Behind the Big House is a community-driven tour and programming series that illuminates the African American history of grand historic homes in Holly Springs, Mississippi. Behind the Big House was created in 2012 by Chelius Carter and Jenifer Eggleston to coincide with the Holly Springs Pilgrimage, an annual tour and celebration of the city’s antebellum homes. Behind the Big House broadens this narrative, preserving, interpreting, and educating about the legacy of the enslaved people and their quarters that are often overlooked in programming that focuses on the grandeur of the Big House.
Carter and Eggelston were inspired to create Behind the Big House after purchasing the Hugh Craft House, a historic home built in 1843 in Holly Springs. When Carter, an architect who works in historic preservation, toured the house and its grounds, he says he noticed an older renovated outbuilding that, at least initially, appeared to be a shed.
“I opened the door and recognized that it was a timber framed structure,” Carter says. Climbing the stairs to the attic, Carter noticed that it had a solid floor. “I said, 'Why is there a solid floor in the attic space of this shed?’” Carter recalls, “Then it kind of hit me, this is where they slept.
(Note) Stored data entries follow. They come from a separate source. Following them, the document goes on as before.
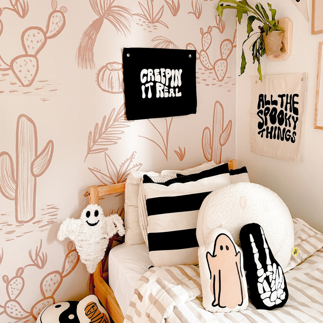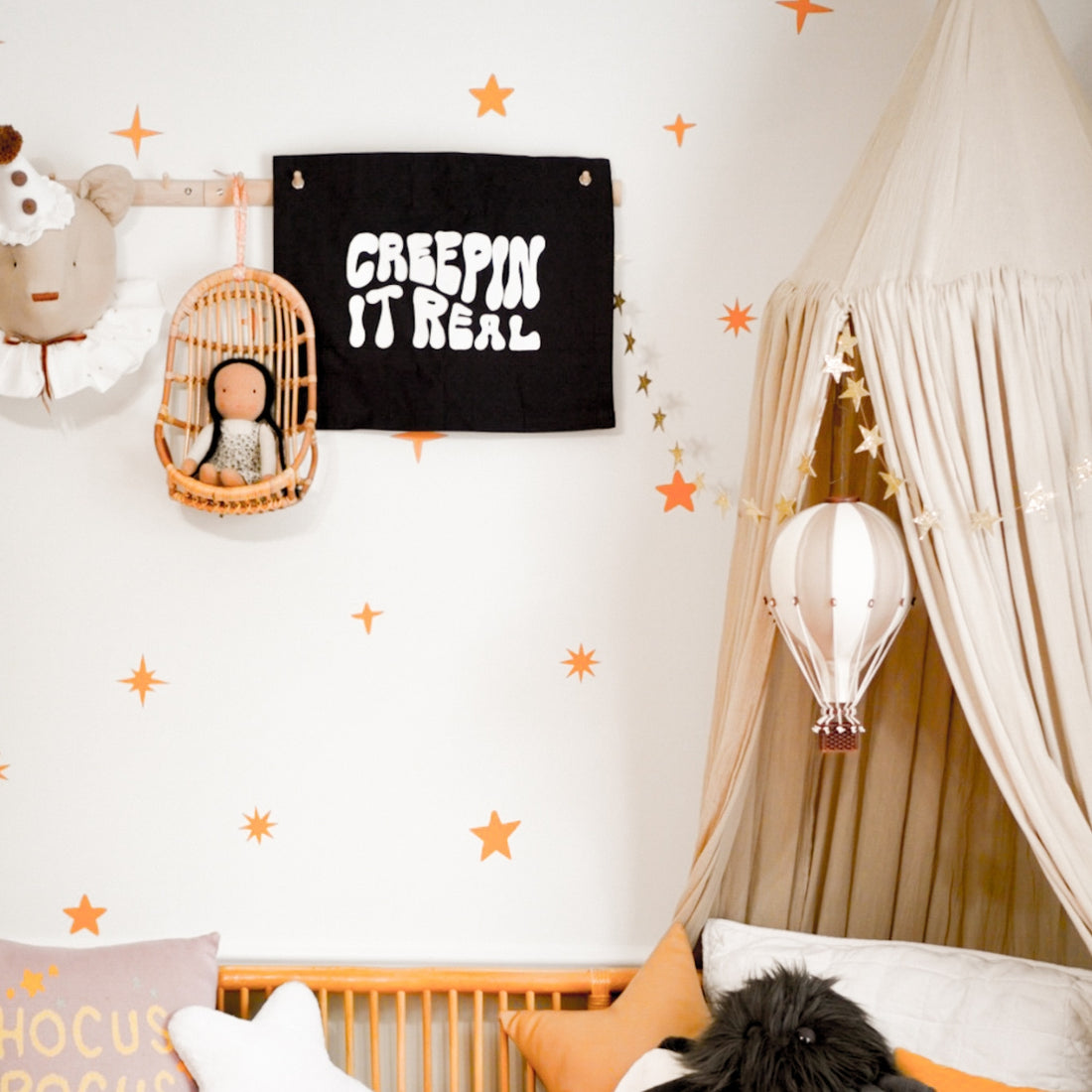 Bring a playful dose of spooky fun into your home this season with our “Creepin’ It Real” Canvas Banner. Perfect for Halloween parties, seasonal home décor, or a quirky wall accent, this banner adds just the right amount of festive fright without sacrificing style.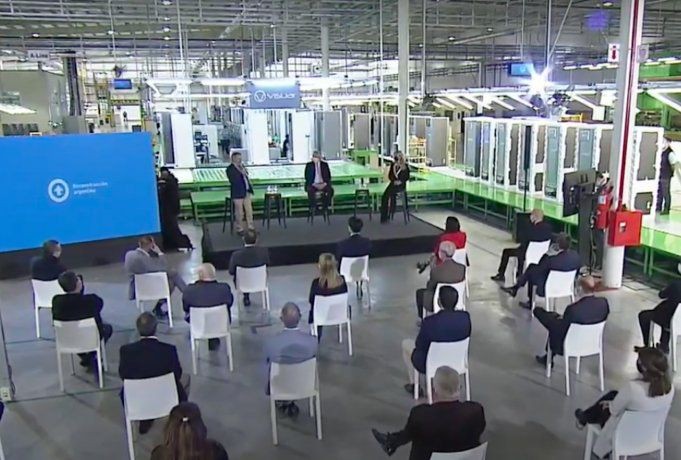 El presidente Alberto Fernández anuncia líneas de financiamiento para empresas y para la compra de electrodomésticos, durante un acto en el Complejo Industrial Visuar, en el municipio bonaerense de Cañuelas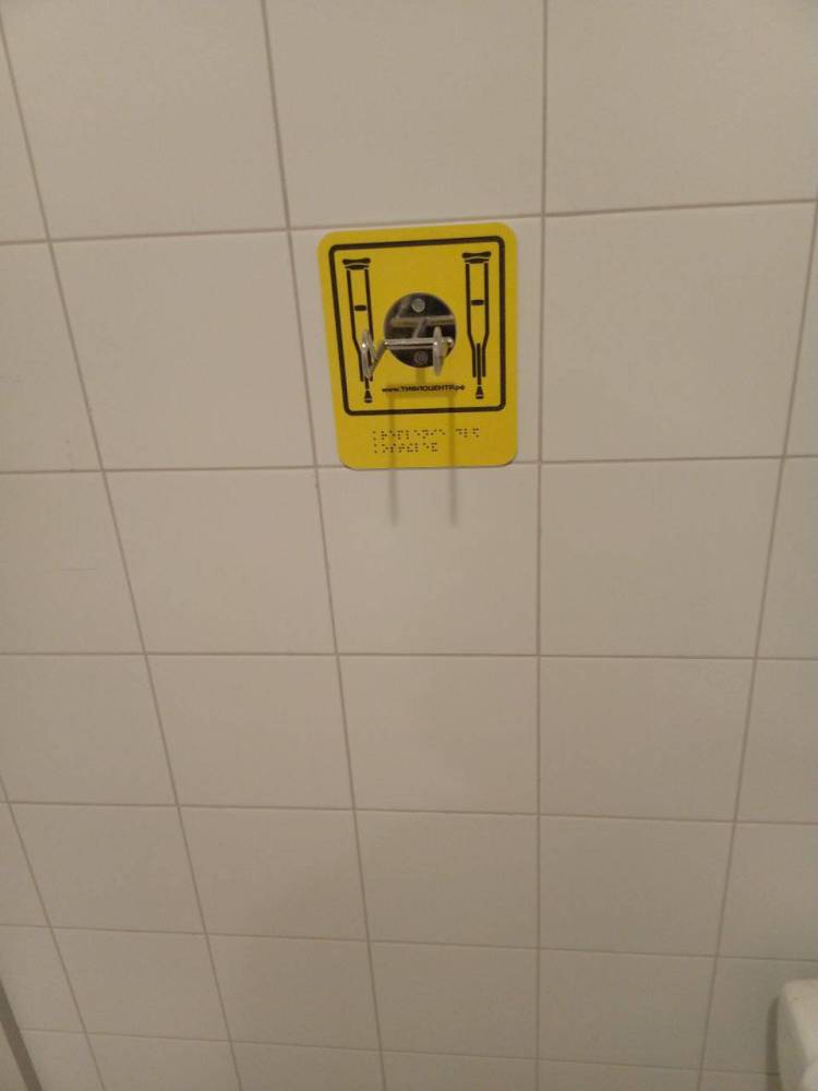 Недавно оборудовали санузел в нашей организации, в том числе и крючок для костылей. Посетители говорят, что очень удобно.Спасибо!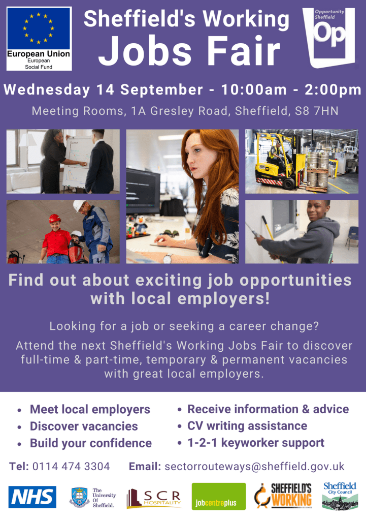 The next Sheffield’s Working Jobs Fair, organised by Opportunity Sheffield in partnership with Jobcentre Plus, will take place at Gresley Road Tenants Meeting Rooms, Lowedges on Wednesday 14 September (10am-2pm)

It began to dawn on me that this structure here is far more culturally and historically important than the main house and far more rare.”
Beginning in 2012, Jodi Skipper of the University of Mississippi has supported this grassroots project’s preservation, interpretation, and education efforts. In addition to producing content and curricular materials, Skipper has integrated Behind the Big House into University of Mississippi coursework in Southern studies, African diaspora studies, and archaeology.
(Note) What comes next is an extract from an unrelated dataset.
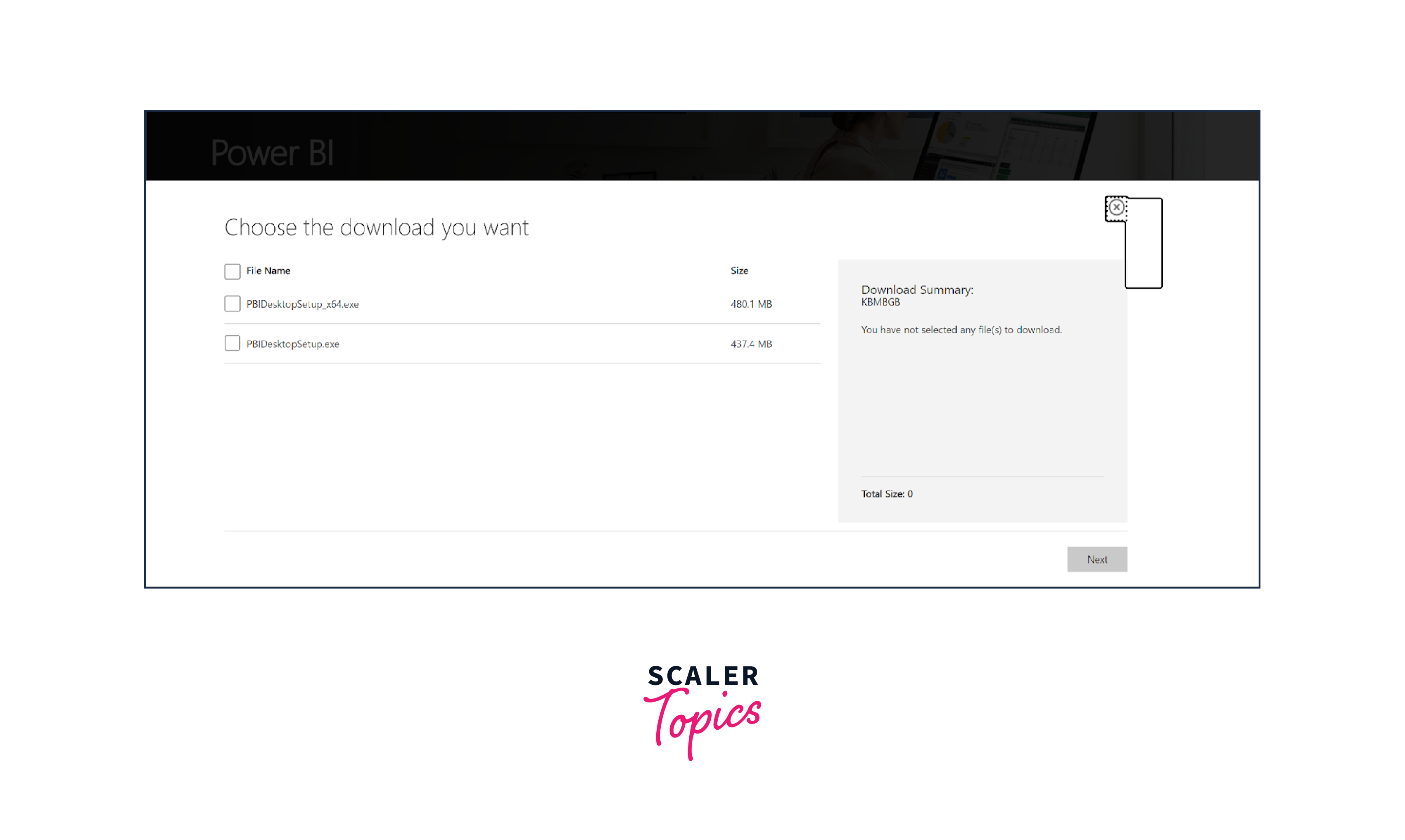 Step 3 - The download button will provide you the option to select either a 32-bit or 64-bit downloadable OS file, depending on the architecture of your system. After selecting the appropriate OS file, click the next button to download the setup file. For this article, we will select the PBIDesktopSetup_x64.exe file.

By integrating Behind the Big House into her teaching, Skipper enriches the learning experience with experiential and service learning.
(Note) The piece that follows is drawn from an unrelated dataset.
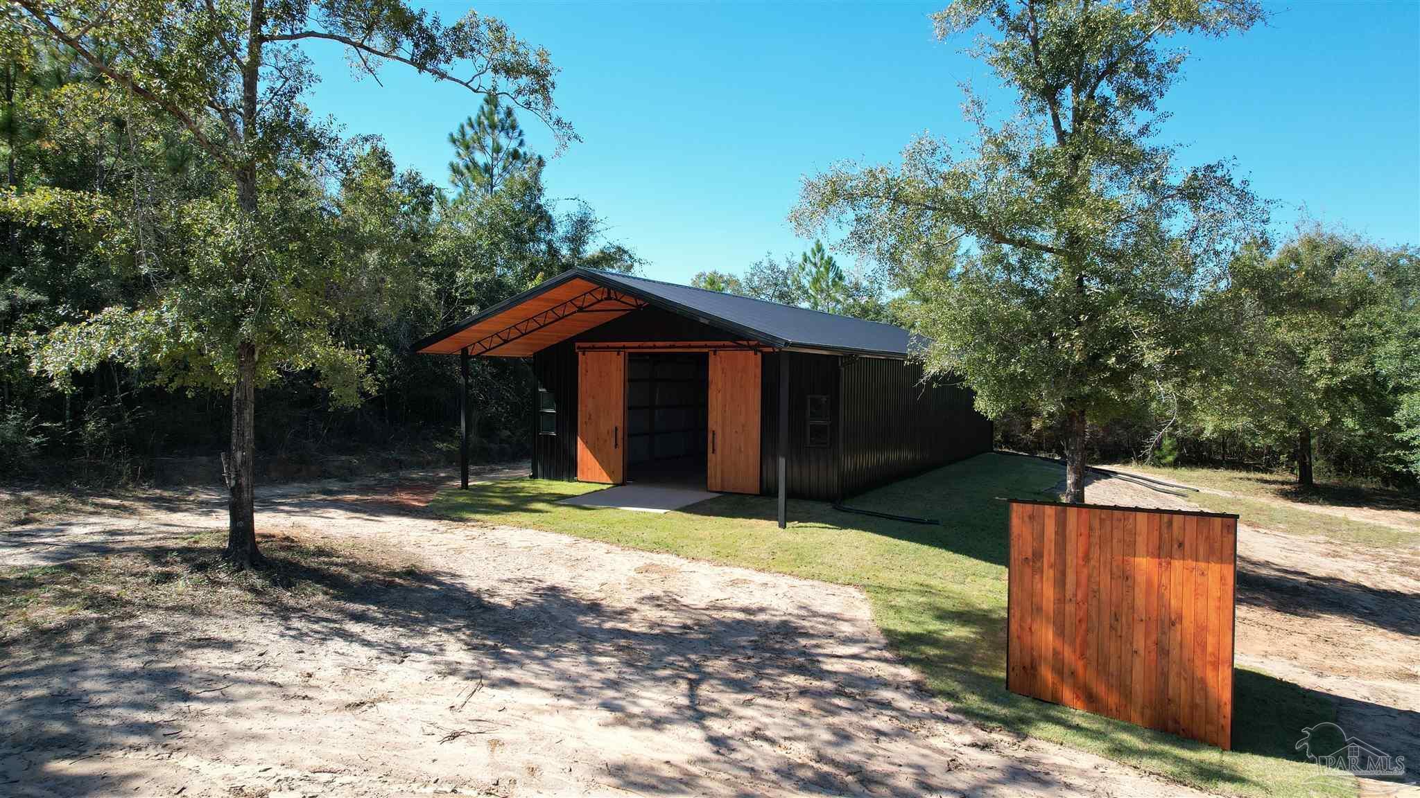 Cleared Acreage with New 30x60 Metal Barn, Power, Well, and RV Hookup — Ready for Your Dream Property! Enjoy the best of country living on this beautifully improved 15.9-acre parcel in Pace — already cleared, prepped, and camper-ready. A brand-new 30’ x 60’ enclosed metal barn with slab foundation, dual overhangs, and plumbing rough-ins provides ideal space for a workshop, storage, or equipment shelter. The property includes a new $14,000 well (installed 2023), power on site, and a 50-amp breaker with rock pad for your RV — everything you need to start enjoying the land immediately. With roughly 1 acre fully cleared and 4 acres selectively thinned, the property offers a great mix of open space and wooded privacy. You’ll also find fruit-bearing plants throughout, including seven varieties of blueberries, muscadines, persimmons, blackberries, and dewberries, along with abundant wildlife that make this a true nature retreat. With no HOA, ample space, and major improvements already in place, this property is perfect for a homestead, mini-farm, or private getaway. Bring your RV and your vision — this unique acreage is ready to enjoy from day one!
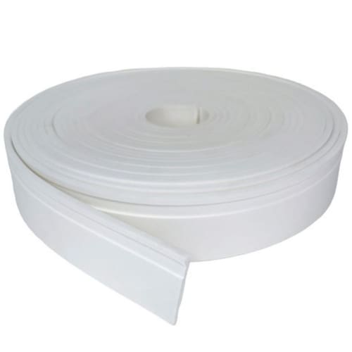 Material: Borracha EVA flexível de alta densidade Cor: Branco Largura: 7 cm Espessura: 8 mm Comprimento: 10 metros lineares por peça Canal traseiro discreto para passar fios finos

“Students in my heritage tourism and African diaspora courses work as program guides each year. For them, it is an experiential and service-learning project. Several are repeat volunteers and have used the program as a stepping stool to doing other forms of public work in the state,” Skipper notes. “My colleague, Dr. Carolyn Freiwald, and I began an excavation at one of the slave dwelling sites several years ago and that project continues. It has given our anthropology students opportunities to excavate, as well as interpret the recovered information to program visitors.“
Involvement with Behind the Big House has helped Skipper address a gap she identifies in Southern public history. “I was inspired to work collaboratively with them, in an effort to remedy the paucity of sites [where] slavery [is] visible on the Mississippi landscape,” Skipper explains.
In addition to offering important practical learning experiences and showing the impact of slavery on the South, the project can begin important and difficult conversations, Skipper notes: “I have also observed that students have taken this as an opportunity to talk about race, with other students and the broader community, in a relatively safe space.”
This capacity to start conversations about race has spread to the broader community, as well.
“The Behind the Big House program led to the founding of Gracing the Table, a multiracial organization established to promote community development in Holly Springs through dialogue, candid communication, and ultimately, healing of the residuals of the institution of slavery,” Skipper explains. Led cooperatively by local residents and faculty and students of Rust College and the University of Mississippi, this group meets for monthly discussions around its motto: “community healing through communication.”